Each line of the listing, apart from the pictures, is to be printed exactly.

RECORDS SHOWN section start

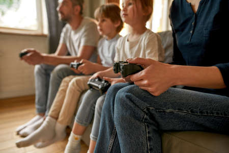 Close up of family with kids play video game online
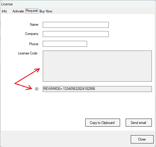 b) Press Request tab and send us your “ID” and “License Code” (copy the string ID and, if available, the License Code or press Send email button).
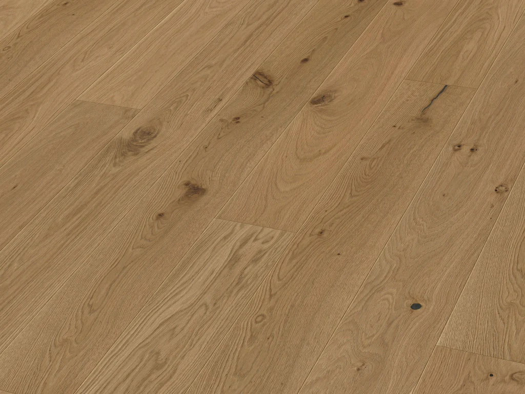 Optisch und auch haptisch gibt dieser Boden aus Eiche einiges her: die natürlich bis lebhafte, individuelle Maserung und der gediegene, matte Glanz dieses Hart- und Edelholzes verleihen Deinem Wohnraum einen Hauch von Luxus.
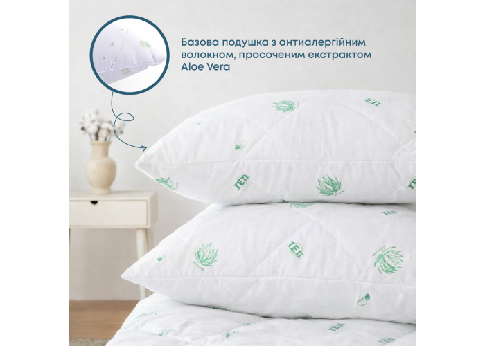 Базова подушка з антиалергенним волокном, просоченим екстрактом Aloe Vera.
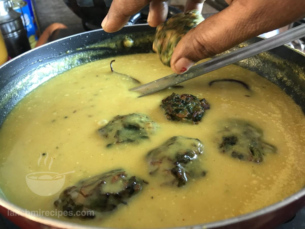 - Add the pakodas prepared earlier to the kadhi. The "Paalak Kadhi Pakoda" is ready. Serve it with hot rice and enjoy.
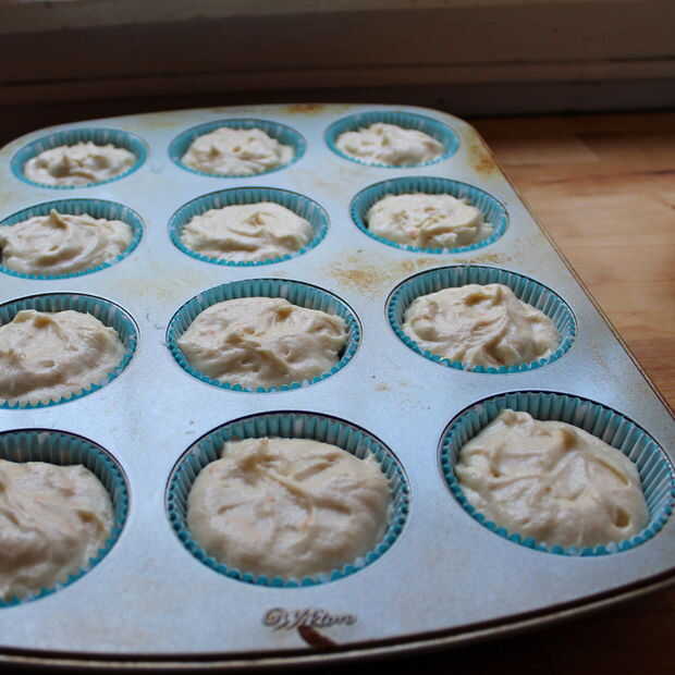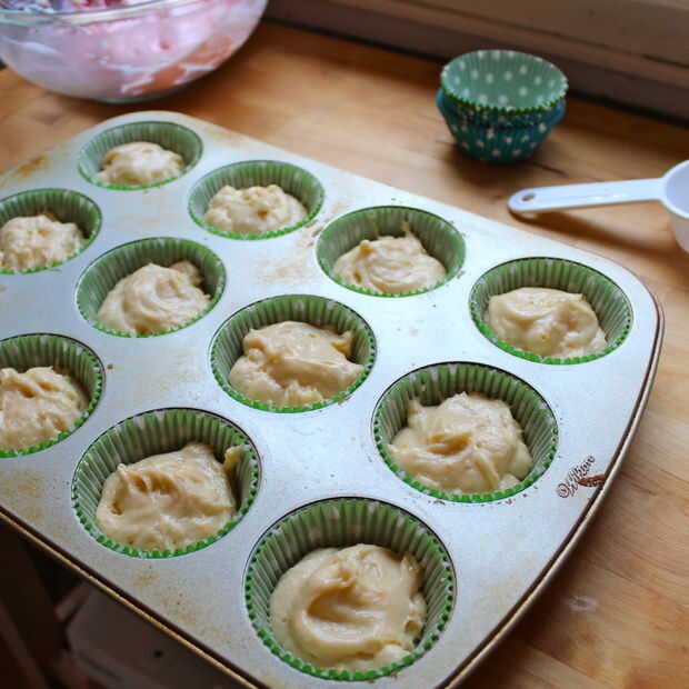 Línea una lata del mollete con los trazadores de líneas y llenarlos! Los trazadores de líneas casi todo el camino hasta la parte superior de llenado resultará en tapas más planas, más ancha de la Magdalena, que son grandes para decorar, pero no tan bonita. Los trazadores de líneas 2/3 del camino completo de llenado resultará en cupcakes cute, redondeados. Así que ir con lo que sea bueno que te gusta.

RECORDS SHOWN section end

| RESPONSE TO THIS TASK |
 Close up of family with kids play video game online
 b) Press Request tab and send us your “ID” and “License Code” (copy the string ID and, if available, the License Code or press Send email button).
 Optisch und auch haptisch gibt dieser Boden aus Eiche einiges her: die natürlich bis lebhafte, individuelle Maserung und der gediegene, matte Glanz dieses Hart- und Edelholzes verleihen Deinem Wohnraum einen Hauch von Luxus.
 Базова подушка з антиалергенним волокном, просоченим екстрактом Aloe Vera.
 - Add the pakodas prepared earlier to the kadhi. The "Paalak Kadhi Pakoda" is ready. Serve it with hot rice and enjoy.
 Línea una lata del mollete con los trazadores de líneas y llenarlos! Los trazadores de líneas casi todo el camino hasta la parte superior de llenado resultará en tapas más planas, más ancha de la Magdalena, que son grandes para decorar, pero no tan bonita. Los trazadores de líneas 2/3 del camino completo de llenado resultará en cupcakes cute, redondeados. Así que ir con lo que sea bueno que te gusta.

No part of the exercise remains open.